### GIVEN ENTRIES:

▼

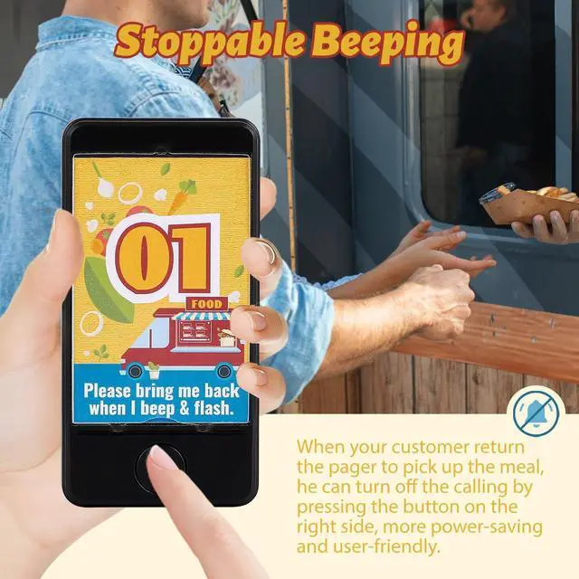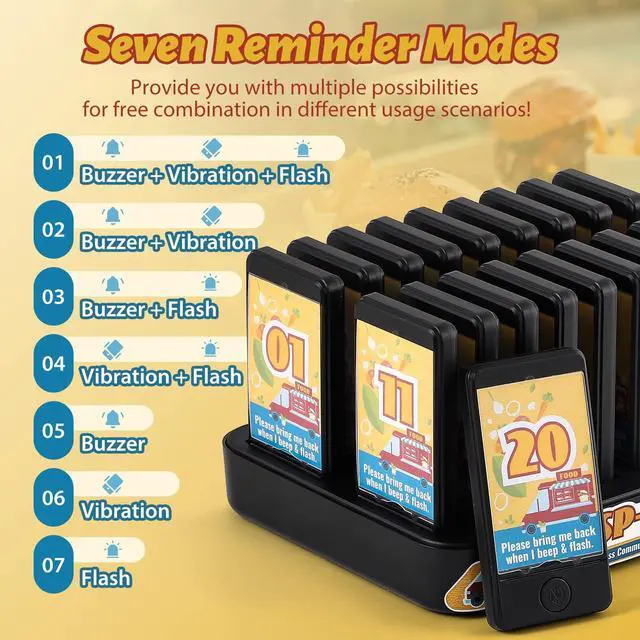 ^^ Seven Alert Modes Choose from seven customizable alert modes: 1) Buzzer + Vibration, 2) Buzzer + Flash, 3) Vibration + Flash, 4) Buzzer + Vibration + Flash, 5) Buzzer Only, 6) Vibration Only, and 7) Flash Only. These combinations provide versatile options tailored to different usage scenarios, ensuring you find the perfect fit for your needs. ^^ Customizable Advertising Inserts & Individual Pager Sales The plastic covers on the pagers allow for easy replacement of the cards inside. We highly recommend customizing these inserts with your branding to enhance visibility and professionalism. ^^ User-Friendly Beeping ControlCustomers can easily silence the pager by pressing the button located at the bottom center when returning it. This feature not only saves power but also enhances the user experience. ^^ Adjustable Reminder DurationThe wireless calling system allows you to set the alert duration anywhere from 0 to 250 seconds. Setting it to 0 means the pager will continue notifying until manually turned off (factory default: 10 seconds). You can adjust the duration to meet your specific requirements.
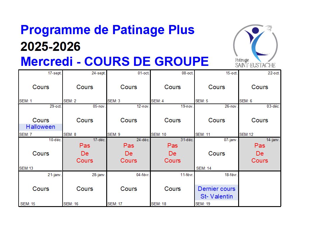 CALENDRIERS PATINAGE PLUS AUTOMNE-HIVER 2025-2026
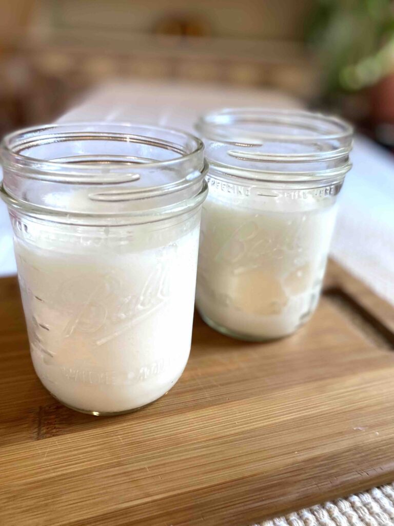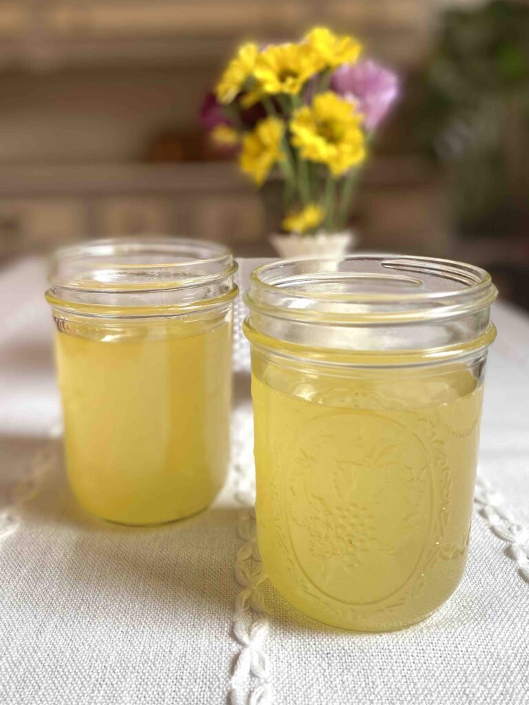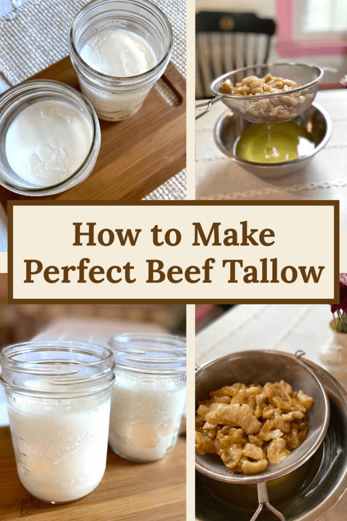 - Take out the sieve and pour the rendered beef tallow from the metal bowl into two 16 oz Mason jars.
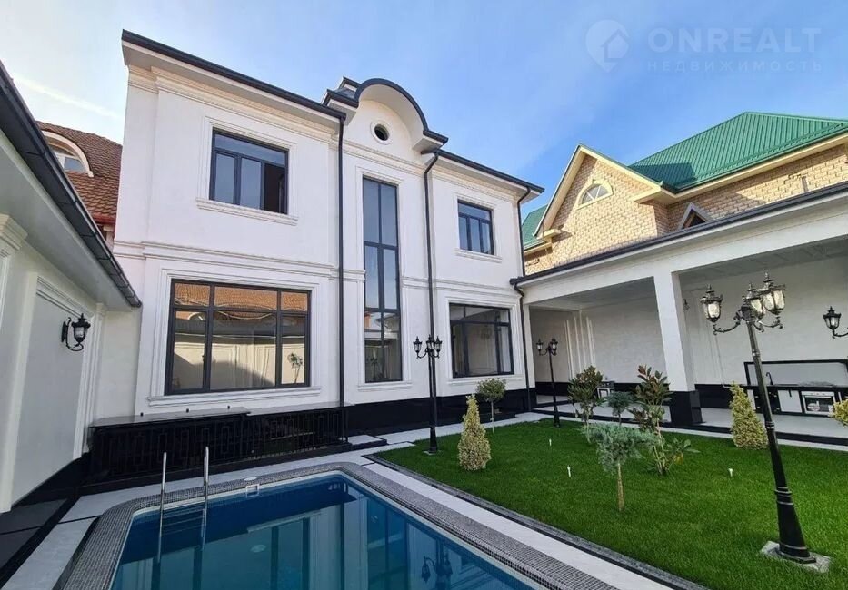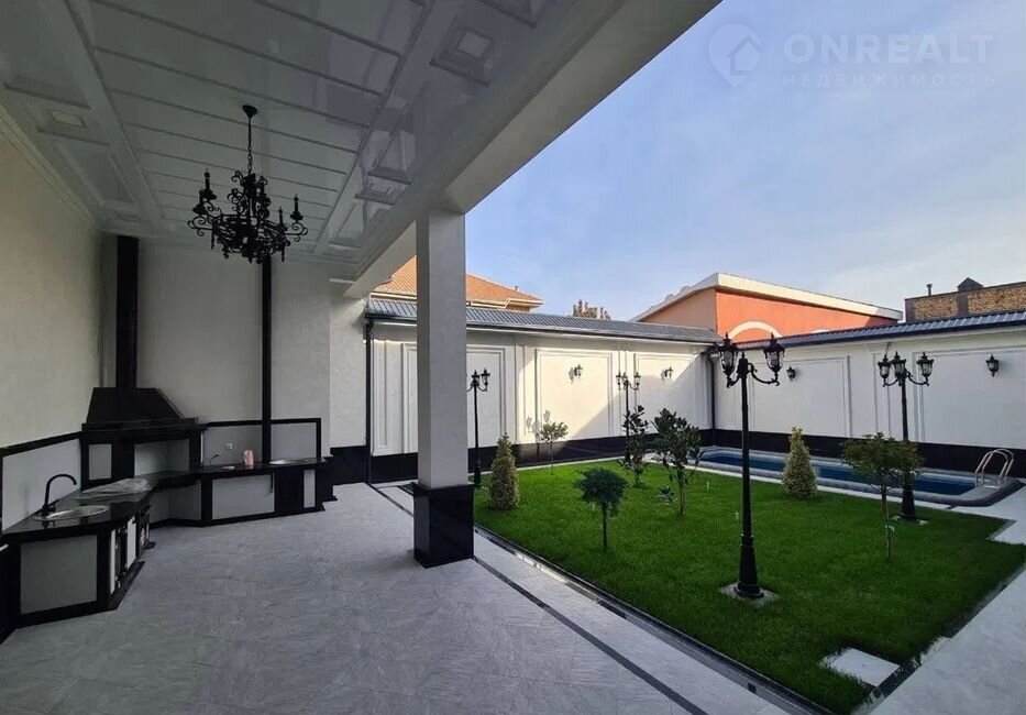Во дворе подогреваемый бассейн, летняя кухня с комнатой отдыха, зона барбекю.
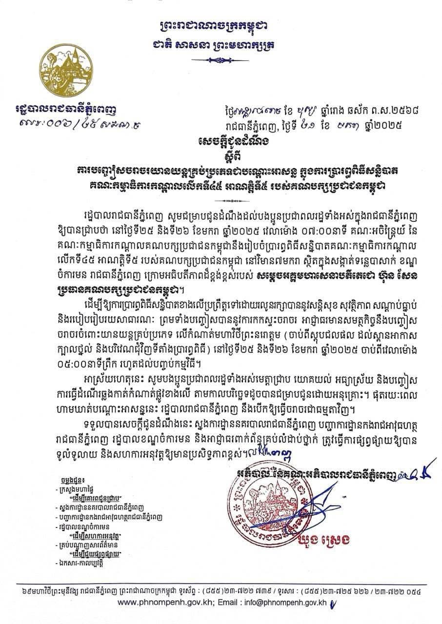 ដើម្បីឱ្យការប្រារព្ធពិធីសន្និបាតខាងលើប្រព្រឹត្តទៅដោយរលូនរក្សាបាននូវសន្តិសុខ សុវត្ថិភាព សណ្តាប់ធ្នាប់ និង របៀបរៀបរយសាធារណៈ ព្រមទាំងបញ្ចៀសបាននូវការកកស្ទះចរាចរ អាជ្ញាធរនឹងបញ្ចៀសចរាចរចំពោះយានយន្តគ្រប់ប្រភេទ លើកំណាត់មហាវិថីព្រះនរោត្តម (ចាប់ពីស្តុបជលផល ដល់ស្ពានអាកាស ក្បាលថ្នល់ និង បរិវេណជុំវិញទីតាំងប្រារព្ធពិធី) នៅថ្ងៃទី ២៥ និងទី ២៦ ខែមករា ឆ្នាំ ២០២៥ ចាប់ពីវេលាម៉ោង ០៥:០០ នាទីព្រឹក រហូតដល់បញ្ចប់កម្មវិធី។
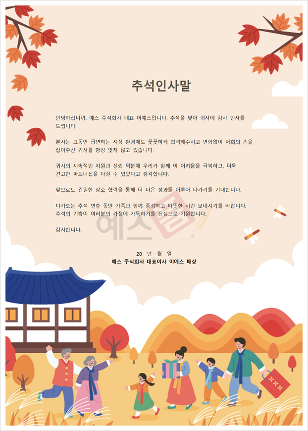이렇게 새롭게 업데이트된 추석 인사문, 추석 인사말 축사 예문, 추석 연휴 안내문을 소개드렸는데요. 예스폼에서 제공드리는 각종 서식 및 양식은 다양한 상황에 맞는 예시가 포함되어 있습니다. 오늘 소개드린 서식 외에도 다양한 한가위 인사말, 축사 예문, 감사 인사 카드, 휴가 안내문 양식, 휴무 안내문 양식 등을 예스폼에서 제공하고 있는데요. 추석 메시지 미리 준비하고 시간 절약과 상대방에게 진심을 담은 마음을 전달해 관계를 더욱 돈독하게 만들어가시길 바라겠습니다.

▲
▼

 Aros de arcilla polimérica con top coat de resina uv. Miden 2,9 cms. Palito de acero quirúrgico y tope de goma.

▲
▼

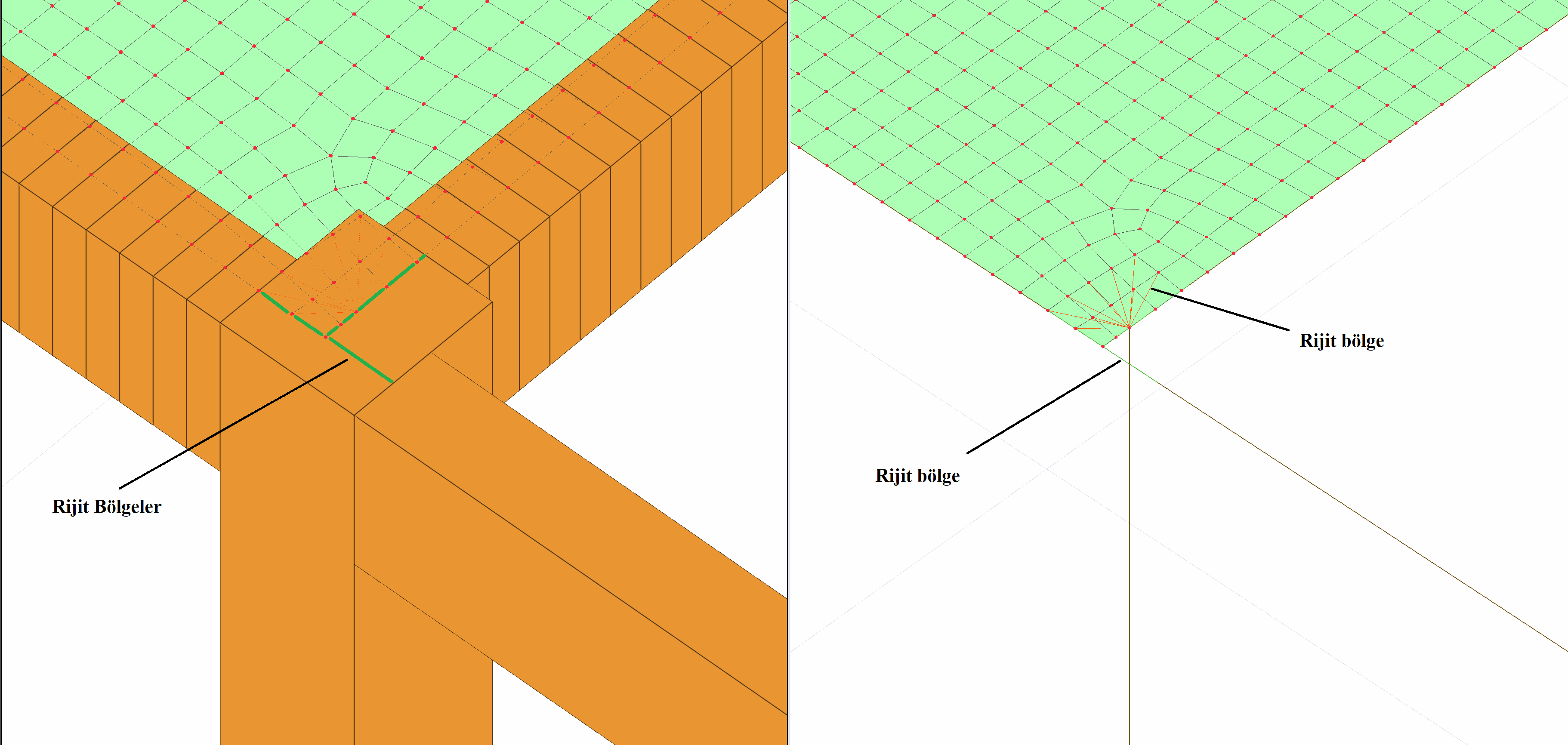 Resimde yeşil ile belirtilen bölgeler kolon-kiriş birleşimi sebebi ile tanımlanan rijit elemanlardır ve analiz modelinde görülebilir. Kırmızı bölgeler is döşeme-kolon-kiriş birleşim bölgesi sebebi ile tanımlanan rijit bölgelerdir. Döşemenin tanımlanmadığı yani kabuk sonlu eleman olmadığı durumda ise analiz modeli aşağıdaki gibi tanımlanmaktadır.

▲

### DIRECTIONS:
"CALENDRIERS PATINAGE PLUS" marks the first line to copy, and "០៥:០០ នាទីព្រឹក រហូតដល់បញ្ចប់កម្មវិធី។" marks the last. Repeat that stretch above exactly, with no pictures.

### YOUR RESPONSE:
 CALENDRIERS PATINAGE PLUS AUTOMNE-HIVER 2025-2026
 - Take out the sieve and pour the rendered beef tallow from the metal bowl into two 16 oz Mason jars.
Во дворе подогреваемый бассейн, летняя кухня с комнатой отдыха, зона барбекю.
 ដើម្បីឱ្យការប្រារព្ធពិធីសន្និបាតខាងលើប្រព្រឹត្តទៅដោយរលូនរក្សាបាននូវសន្តិសុខ សុវត្ថិភាព សណ្តាប់ធ្នាប់ និង របៀបរៀបរយសាធារណៈ ព្រមទាំងបញ្ចៀសបាននូវការកកស្ទះចរាចរ អាជ្ញាធរនឹងបញ្ចៀសចរាចរចំពោះយានយន្តគ្រប់ប្រភេទ លើកំណាត់មហាវិថីព្រះនរោត្តម (ចាប់ពីស្តុបជលផល ដល់ស្ពានអាកាស ក្បាលថ្នល់ និង បរិវេណជុំវិញទីតាំងប្រារព្ធពិធី) នៅថ្ងៃទី ២៥ និងទី ២៦ ខែមករា ឆ្នាំ ២០២៥ ចាប់ពីវេលាម៉ោង ០៥:០០ នាទីព្រឹក រហូតដល់បញ្ចប់កម្មវិធី។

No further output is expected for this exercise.